### Work to be completed
When you copy the data that follows, reproduce every word exactly and leave out the images.

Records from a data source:

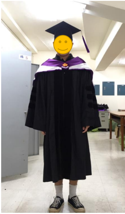
博士服 - 白底紫面 (正面)
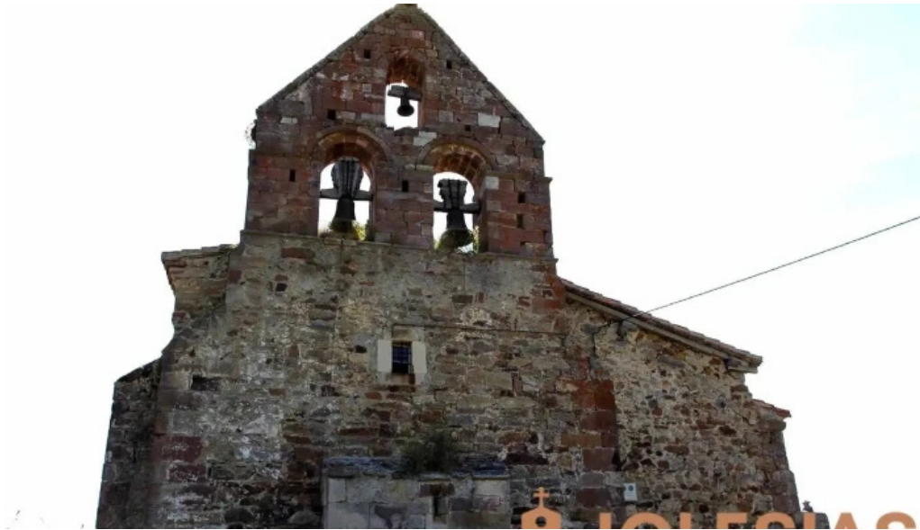
Iglesia de san pedro iglesia
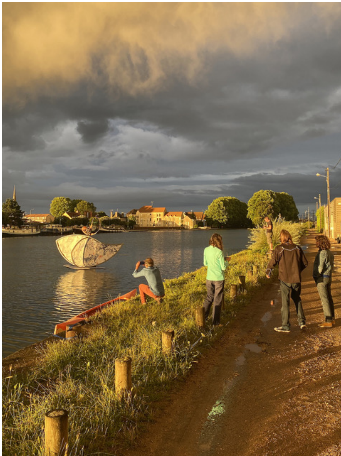
ESTOMOBAL devant Canal Satellite Art Contemporain Migennes

ESTOMOBAL : N'ayant pas l'habitude d'œuvrer ensemble, ils ont choisi le principe du cadavre exquis. Chacun, à tour de rôle apporte une idée, comme un jeu, un temps de vacances. Il en résulte un mix de tous les matériaux et techniques avec lesquels chacun travaille : Impression sur toile, céramique acier, osier,... La plupart des pièces a été construite en atelier et assemblée sur place.
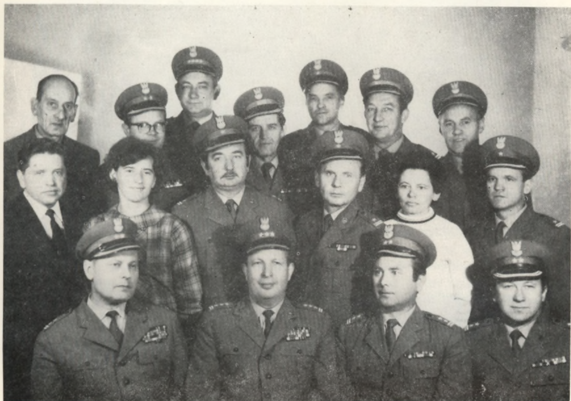
Pracownicy Studium Wojskowego w 1971 r.
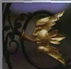
Verzierung am Chorus Gate auf Powerscourt (siehe S. 134f)
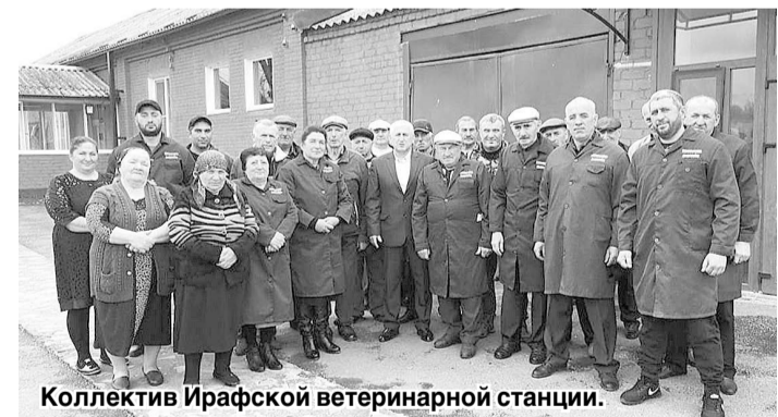
Коллектив Ирафской ветеринарной станции.

— У большинства людей районная ветеринарная служба ассоциируется в основном с лечением домашних питомцев. Но это лишь видимая часть каждодневной кропотливой работы, которую выполняют наши специалисты. Мы несем особую ответственность за сохранение
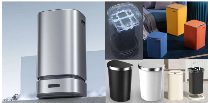
※イメージ画像（実際の商品とは異なる場合がございます。）

他にもいくつかの新商品を展示する予定がございますので、ぜひブースにお立ち寄りください。
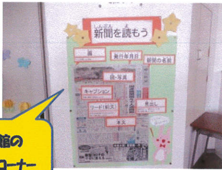
図書館の 新聞コーナー
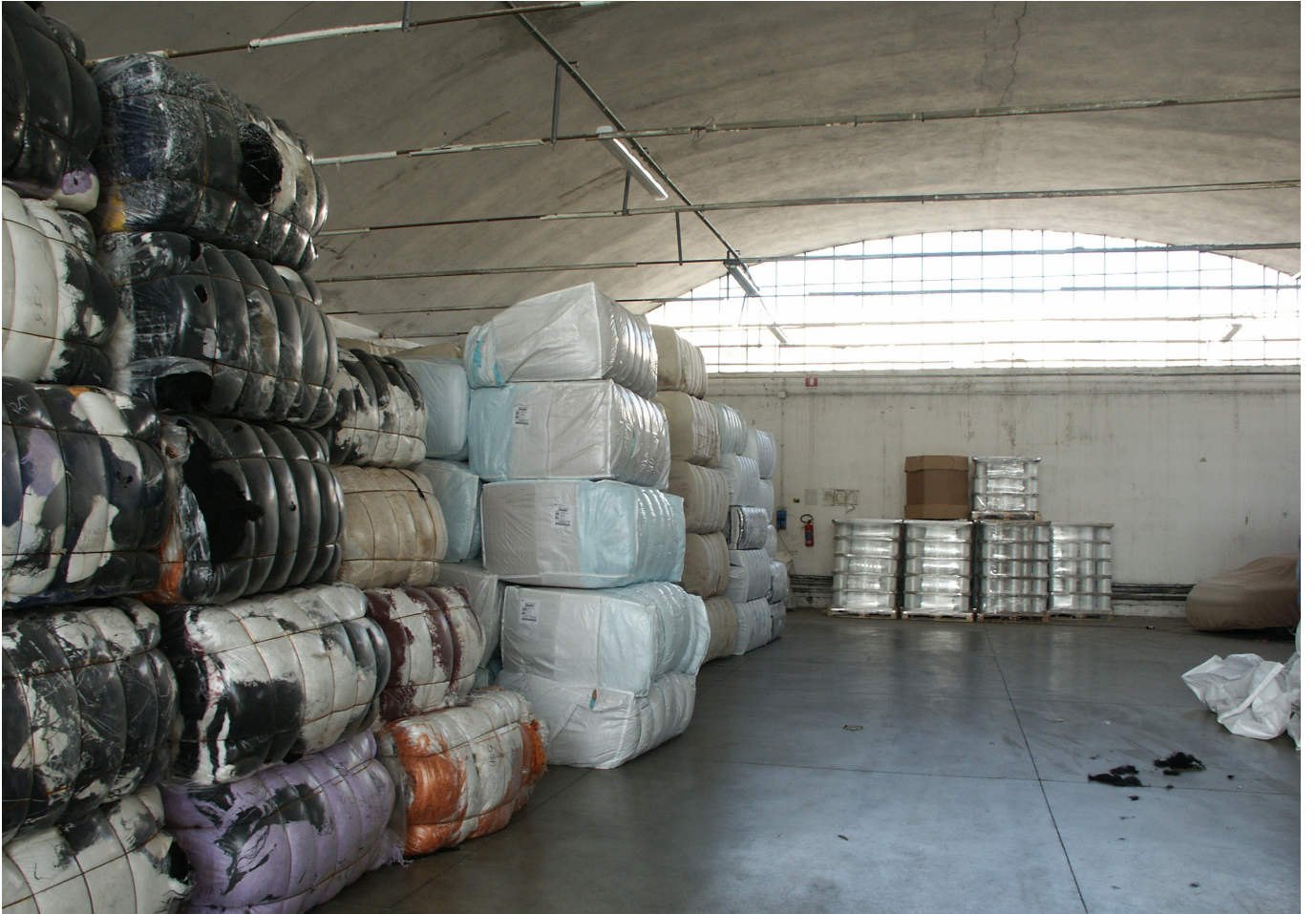
FOTO 9 - Vista interna dell'edificio
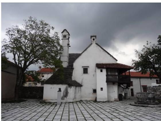
Rojstna hiša znane igralke Ite Rine v Divači je spremenjena v muzej.

Naš zadnji postanek pa je bil še v Divači, in sicer pri rojstni hiši ene naših prvih igralk Ide Kravanja z umetniškim imenom Ita Rina (1907 – 1979), ki se ji je uspelo uveljaviti tudi zunaj naših meja.
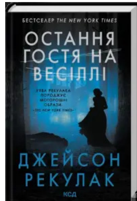
Остання гостя на весіллі
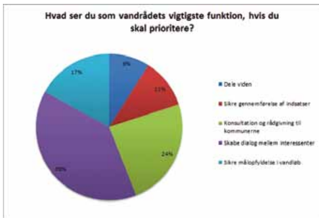
Figur 1. Hvad ser du som vandrådets vigtigste funktion, hvis du skal prioritere?
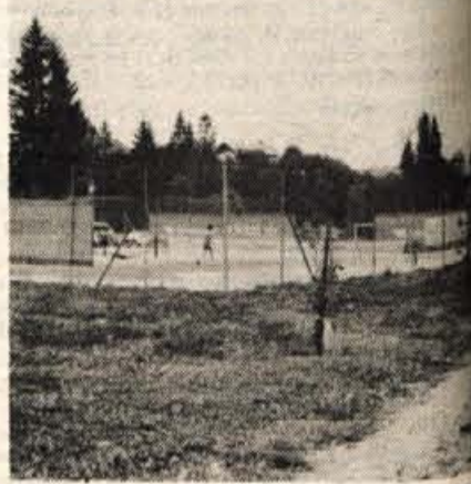
Celo prej kot v letu dni so v športnem parku zgradili dve teniški igrišči. Opravili so 13 prostovoljnih delovnih ur.

Pravijo, da bo v športnem parku kmalu stala tudi brunarica z manjšim bifejem in da bodo z urejanjem zdaj nadaljevali. Najprej nameravajo zgraditi še večnamensko igrišče in balinišče, pozimi pa urediti tekaške proge... Neke vrste zagotovilo, da bodo takšen načrt hitro izpeljali, je najbrž tudi, da je ponudbo za skrb in upravljanje parka
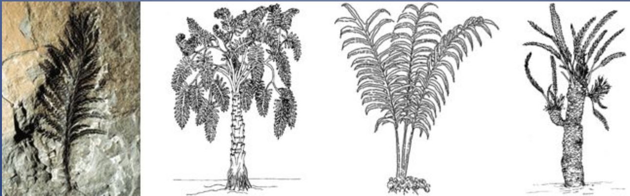
Вымершие голосеменные. Слева направо: отпечаток археоптериса (прогимносперм), медуллоза, полиподиум (семенной папоротник), вильямсония (беннеттит).

Ещё одним вымершим отделом голосеменных, известным с карбона, являются беннеттитовые (Bennettitophyta или Cycadeoideophyta). Некоторые исследователи относят эти растения к саговникам, от которых они отличаются органами размножения. Все беннеттитовые имеют обоеполые стробилы, напоминающие цветок наиболее примитивных покрытосеменных. Беннеттитовые вымерли в конце мелового периода (Bennettitophyta или Cycadeoideophyta). Некоторые исследователи относят эти растения к саговникам, от которых они отличаются органами размножения. Все беннеттитовые имеют обоеполые стробилы, напоминающие цветок наиболее примитивных покрытосеменных. Беннеттитовые вымерли в конце мелового периода вместе с динозаврами .
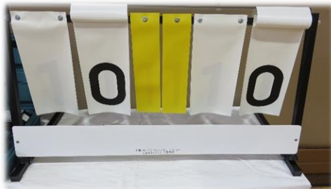
ポータブル得点板
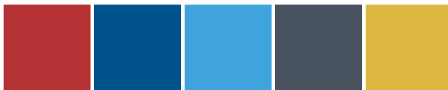
Donau Chemie Wassertechnik Donauchem Donau Carbon Donau Kanol
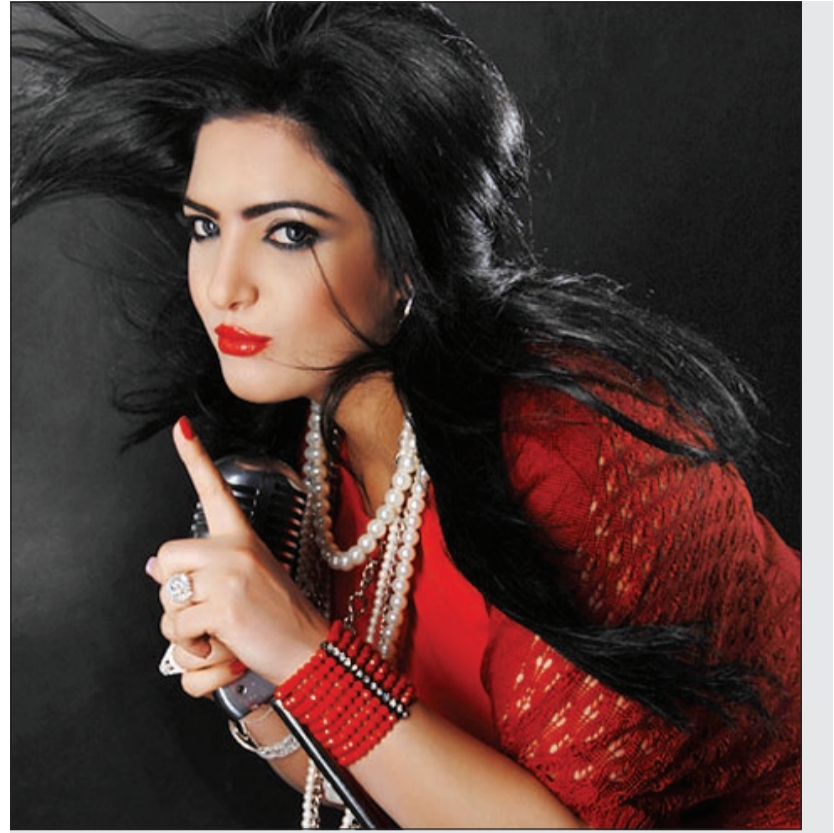
المطربة الكويتية سينا الفارس
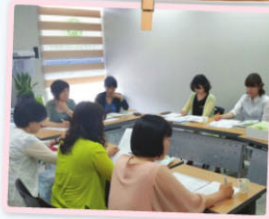
2014.05.29 보건소 담당자간담회
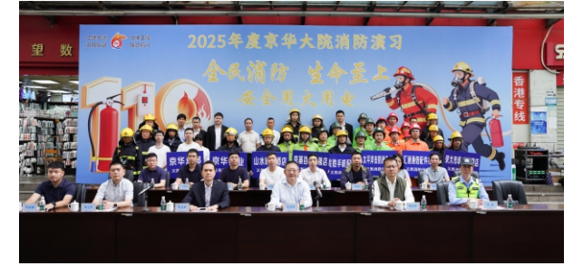
(黄安、梁艺琳文/齐楠、张爱萍图)
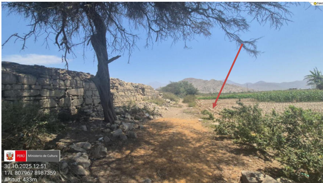
Imagen 02: vista panorámica del lado oeste del sitio, donde que el área agrícola va invadiendo.

Imagen 01: vista detalle del lado norte donde las áreas agrícolas están menoscabando directamente a los muros arquitectónicos prehispánicos.
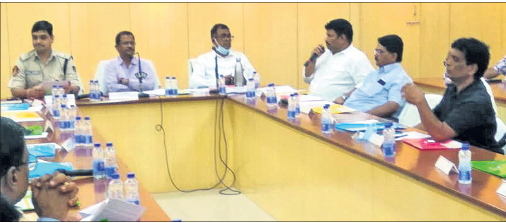
ଅନ୍ତର୍ଜାତୀୟ ଟି୨୦ କ୍ରିକେଟ ମ୍ୟାଚ ପାଇଁ ରୁଧିର ଅନୁଷ୍ଠିତ କେନ୍ଦ୍ରାଞ୍ଚଳ ରାଜ୍ୟ ଆୟୁର୍ ସମ୍ମିଳନୀ କକ୍ଷରେ ଅନୁଷ୍ଠିତ ପ୍ରସ୍ତୁତି ବୈଠକ।

ଅର୍ଥାତ୍ ଅପରାହ୍ଣ ୧୩ ୪୫ରେ ଟିକେଟ ବିକ୍ରି ଆରମ୍ଭ ହୋଇଥିଲା। ତେବେ ମାତ୍ର ୧ ଘଣ୍ଟା ୧୫ ମିନିଟରେ ଉପଲବ୍ଧ ଥିବା ସମସ୍ତ ୫୦୦୦ଟି ଟିକେଟ ବିକ୍ରି ହୋଇ ଯାଇଥିବା ଓଡ଼ିଶା କ୍ରିକେଟ ଆସୋସିଏସନ (ଓସିଏ) ପକ୍ଷରୁ ସୂଚନା ଦିଆଯାଇଛି। ଏଥିରୁ ଆଗାମୀ ମ୍ୟାଚ ଦେଖିବା ପାଇଁ ରାଜ୍ୟ କ୍ରିକେଟ୍‌ପ୍ରେମୀମାନେ ବିକ୍ରିର ଉତ୍ସୁକତା ସହ ଅପେକ୍ଷା କରିଛନ୍ତି ତାହା ସ୍ପଷ୍ଟ ହୋଇଛି।
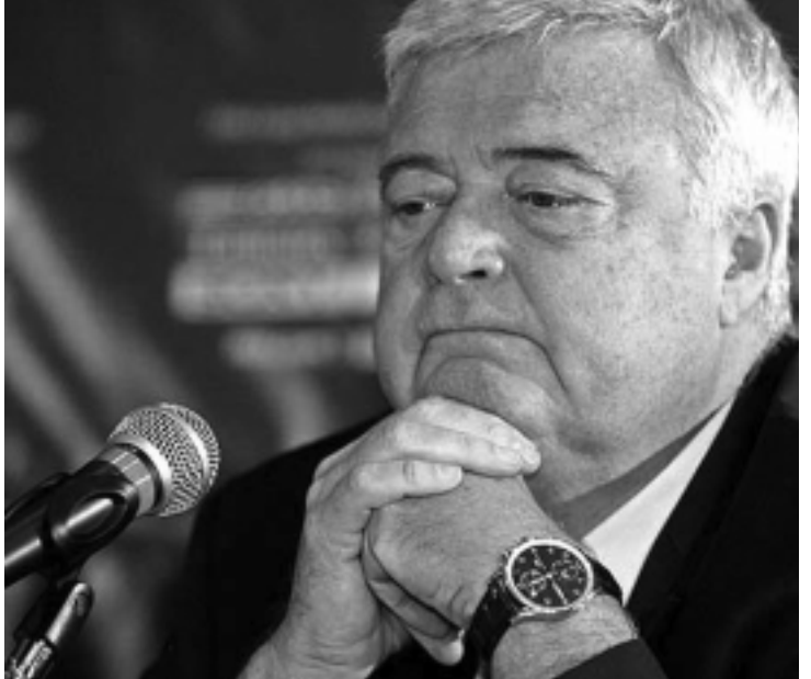
Presidente do Comitê da Copa continua sendo alvo de várias denúncias
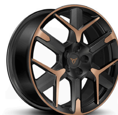
Vieglmetāla diski "Hailstorm Copper" R19 (R9N) (standartā VZ Extreme versijai)
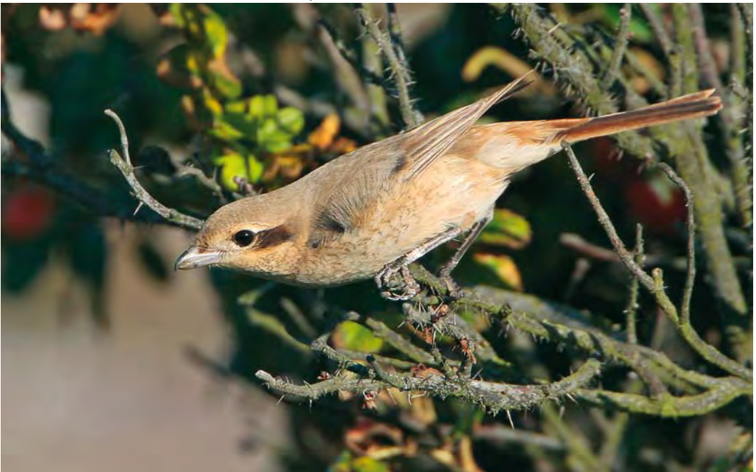
480 Daurian Shrike / Daurische Klauwier Lanius isabellinus , adult female, Den Helder, Noord-Holland, Netherlands, 5 September 2010 ( Martin van der Schalk )

### Final answer
博士服 - 白底紫面 (正面)
Iglesia de san pedro iglesia
ESTOMOBAL devant Canal Satellite Art Contemporain Migennes

ESTOMOBAL : N'ayant pas l'habitude d'œuvrer ensemble, ils ont choisi le principe du cadavre exquis. Chacun, à tour de rôle apporte une idée, comme un jeu, un temps de vacances. Il en résulte un mix de tous les matériaux et techniques avec lesquels chacun travaille : Impression sur toile, céramique acier, osier,... La plupart des pièces a été construite en atelier et assemblée sur place.
Pracownicy Studium Wojskowego w 1971 r.
Verzierung am Chorus Gate auf Powerscourt (siehe S. 134f)
Коллектив Ирафской ветеринарной станции.

— У большинства людей районная ветеринарная служба ассоциируется в основном с лечением домашних питомцев. Но это лишь видимая часть каждодневной кропотливой работы, которую выполняют наши специалисты. Мы несем особую ответственность за сохранение
※イメージ画像（実際の商品とは異なる場合がございます。）

他にもいくつかの新商品を展示する予定がございますので、ぜひブースにお立ち寄りください。
図書館の 新聞コーナー
FOTO 9 - Vista interna dell'edificio
Rojstna hiša znane igralke Ite Rine v Divači je spremenjena v muzej.

Naš zadnji postanek pa je bil še v Divači, in sicer pri rojstni hiši ene naših prvih igralk Ide Kravanja z umetniškim imenom Ita Rina (1907 – 1979), ki se ji je uspelo uveljaviti tudi zunaj naših meja.
Остання гостя на весіллі
Figur 1. Hvad ser du som vandrådets vigtigste funktion, hvis du skal prioritere?
Celo prej kot v letu dni so v športnem parku zgradili dve teniški igrišči. Opravili so 13 prostovoljnih delovnih ur.

Pravijo, da bo v športnem parku kmalu stala tudi brunarica z manjšim bifejem in da bodo z urejanjem zdaj nadaljevali. Najprej nameravajo zgraditi še večnamensko igrišče in balinišče, pozimi pa urediti tekaške proge... Neke vrste zagotovilo, da bodo takšen načrt hitro izpeljali, je najbrž tudi, da je ponudbo za skrb in upravljanje parka
Вымершие голосеменные. Слева направо: отпечаток археоптериса (прогимносперм), медуллоза, полиподиум (семенной папоротник), вильямсония (беннеттит).

Ещё одним вымершим отделом голосеменных, известным с карбона, являются беннеттитовые (Bennettitophyta или Cycadeoideophyta). Некоторые исследователи относят эти растения к саговникам, от которых они отличаются органами размножения. Все беннеттитовые имеют обоеполые стробилы, напоминающие цветок наиболее примитивных покрытосеменных. Беннеттитовые вымерли в конце мелового периода (Bennettitophyta или Cycadeoideophyta). Некоторые исследователи относят эти растения к саговникам, от которых они отличаются органами размножения. Все беннеттитовые имеют обоеполые стробилы, напоминающие цветок наиболее примитивных покрытосеменных. Беннеттитовые вымерли в конце мелового периода вместе с динозаврами .
ポータブル得点板
Donau Chemie Wassertechnik Donauchem Donau Carbon Donau Kanol
المطربة الكويتية سينا الفارس
2014.05.29 보건소 담당자간담회
(黄安、梁艺琳文/齐楠、张爱萍图)
Imagen 02: vista panorámica del lado oeste del sitio, donde que el área agrícola va invadiendo.

Imagen 01: vista detalle del lado norte donde las áreas agrícolas están menoscabando directamente a los muros arquitectónicos prehispánicos.
ଅନ୍ତର୍ଜାତୀୟ ଟି୨୦ କ୍ରିକେଟ ମ୍ୟାଚ ପାଇଁ ରୁଧିର ଅନୁଷ୍ଠିତ କେନ୍ଦ୍ରାଞ୍ଚଳ ରାଜ୍ୟ ଆୟୁର୍ ସମ୍ମିଳନୀ କକ୍ଷରେ ଅନୁଷ୍ଠିତ ପ୍ରସ୍ତୁତି ବୈଠକ।

ଅର୍ଥାତ୍ ଅପରାହ୍ଣ ୧୩ ୪୫ରେ ଟିକେଟ ବିକ୍ରି ଆରମ୍ଭ ହୋଇଥିଲା। ତେବେ ମାତ୍ର ୧ ଘଣ୍ଟା ୧୫ ମିନିଟରେ ଉପଲବ୍ଧ ଥିବା ସମସ୍ତ ୫୦୦୦ଟି ଟିକେଟ ବିକ୍ରି ହୋଇ ଯାଇଥିବା ଓଡ଼ିଶା କ୍ରିକେଟ ଆସୋସିଏସନ (ଓସିଏ) ପକ୍ଷରୁ ସୂଚନା ଦିଆଯାଇଛି। ଏଥିରୁ ଆଗାମୀ ମ୍ୟାଚ ଦେଖିବା ପାଇଁ ରାଜ୍ୟ କ୍ରିକେଟ୍‌ପ୍ରେମୀମାନେ ବିକ୍ରିର ଉତ୍ସୁକତା ସହ ଅପେକ୍ଷା କରିଛନ୍ତି ତାହା ସ୍ପଷ୍ଟ ହୋଇଛି।
Presidente do Comitê da Copa continua sendo alvo de várias denúncias
Vieglmetāla diski "Hailstorm Copper" R19 (R9N) (standartā VZ Extreme versijai)
480 Daurian Shrike / Daurische Klauwier Lanius isabellinus , adult female, Den Helder, Noord-Holland, Netherlands, 5 September 2010 ( Martin van der Schalk )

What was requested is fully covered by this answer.